病劍想將巫師手上的利刃搶下時,卻早已來不及,利刃準確的刺穿赤雲衫的心臟,一切都來不及,只因病劍被架住,再快速的身手有什麼用?再多的對不起也換不回漸漸流逝生命的赤雲衫,赤雲衫艱難的別過頭,看著首次流下淚水的病劍,微微的笑著,像是要跟病劍道別一樣,最後的微笑讓血從口中流出,在生命之火消失的那一刻,黑色的霧包覆了赤雲衫的身軀。

 

 


看見此,病劍掙脫了架住她的人,向黑霧砍去,從黑霧中慢慢出現的是一副骷髏,這骷髏正是奪走赤雲衫生命的骷髏將軍,白色的骷髏穿著黑色的長袍,腰間的刀散出十足的邪氣,失去赤雲衫的病劍再也無法忍受這悲痛,揮舞了握在手中的叱狼,使用了在遇見赤雲衫之後再也沒使用過的病劍式。

 

 


「病劍式最終式-殘劍步凌雲!」病劍悲痛的喊出,手中的叱狼像是狼一般的發出聲響,原本是銀色的劍變化為比黑暗還要深沈的漆黑,漆黑的叱狼,刀旁化出與黑色對立的白色火焰,火焰燒去了骷髏,只聽聞骷髏悶哼一聲,化做灰燼散於天地,風輕輕吹起,骷髏將軍再次出現。

 

 


「汝等,今次是最後一次的血祭,吾找到了吾所想找的答案,吾要的不是血腥,而是情感的流露,吾等魔物非是無情,若真要說,魔物正是因為有情而走火入魔,而汝等,只是一昧的認為吾嗜血,一次一次的令吾失望,汝喚病劍是吧?抱歉,讓汝失去了汝得至愛,人已亡,吾也無能為力。」一長串的的聲音從骷髏口中出現,在最後一個聲音落下時,骷髏也隨之消失不見。

 

 


是阿,魔非無情,多少人為情走火入魔?誰曰魔無情?正是因為太過執著於情字,而失去的原本的樣貌,世間的人總是一昧的將魔物冠上惡名,但事實卻是由人所捏造來掩飾自己惡行的手段,對於這樣的人類魔物感到無可奈何,順著人類的想法而走,魔物,無法重頭再來,成為人類口中的亂世之物。

 

 


看著骷髏將軍的消失,病劍臉上出現了苦笑的表情,什麼天命?一切只是無稽之談,無奈,赤雲衫早已死去,現在說什麼都來不及,病劍手中的劍往自己頸上一劃,鮮血順著劍身流下,染紅的握劍的手,病劍只能流著淚,放下手中的劍,緩緩爬至赤雲衫身邊,緊握著她的手,在手背上輕輕吻著,最後對著赤雲衫最後的笑容露出一個微笑。

 

 


「我(吾)來陪妳(汝)了,雲。」病劍艱難的說出口,緊緊握著心愛的人已經失去溫度的手,意識漸漸消散,溫暖的白光籠罩著病劍,不管是病劍還是她的另一個人格,一生所愛的人只有一個,就是赤雲衫。

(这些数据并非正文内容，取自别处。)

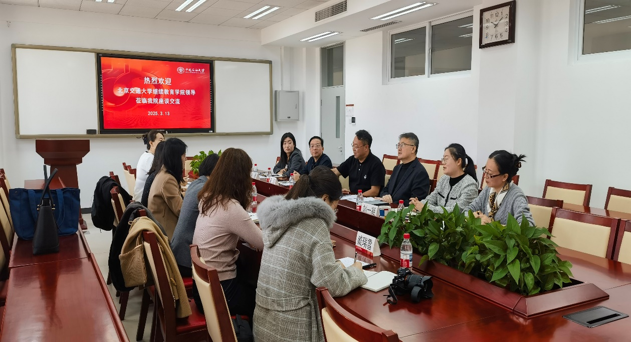 2025年3月13日,北京交通大學繼續教育學院黨總支書記繩麗惠一行6人蒞臨我院訪問,雙方就繼續教育發展開展深入交流。學院黨總支書記、院長陳春茂等相關人員參加座談。
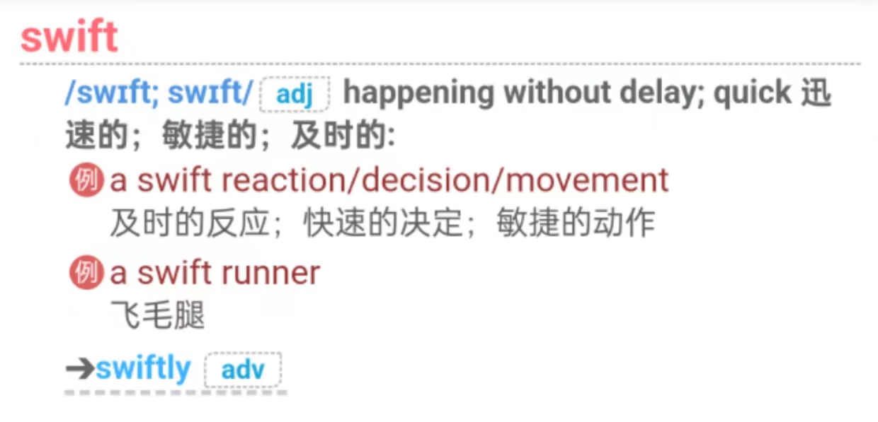 swift runner. 牛津10中文官网给的也是“跑的飞快的人”
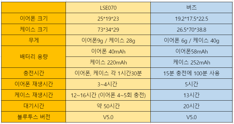 제일 궁금한 스펙을 한눈에 알 수 있게 많이들 생각 하시는 디자인이 비슷한 완전무선이어폰 삼성 갤럭시 버즈에 비교 해 봅니다

蕭劍名驚愕的聽完紅雲所說的事,一切就像在她夢中出現的一模一樣,這樣,蕭劍名就是病劍,而紅雲就是赤雲衫,蕭劍名只能傻楞著看著紅雲,熟悉的面容,熟悉的語氣,一切一切都讓她十分懷念,她上前抱住紅雲,眼淚不自覺的流下,這個擁抱,十分得懷念。

 

 


「我會讓妳看見這世界的,雲。」熟悉的呼喊聲,紅雲笑了,初次在醫院裡聽見了蕭劍名的聲音時,紅雲就知道了蕭劍名就是她,那個不顧一切的那個她。

 

 


炎熱的夏天,在時間中慢慢推移,到了手術之後,紅雲在蕭劍名的照顧下得以拆下繃帶,緩緩睜開的雙眼,漸漸清晰的世界,紅雲看見了蕭劍名,果然和前世的那張臉一樣,病房中,兩個女子相視而笑,她們穿越了千年的時間,來到了相同的時代,找尋著彼此的身影,然後,繼續前世被阻斷的緣分。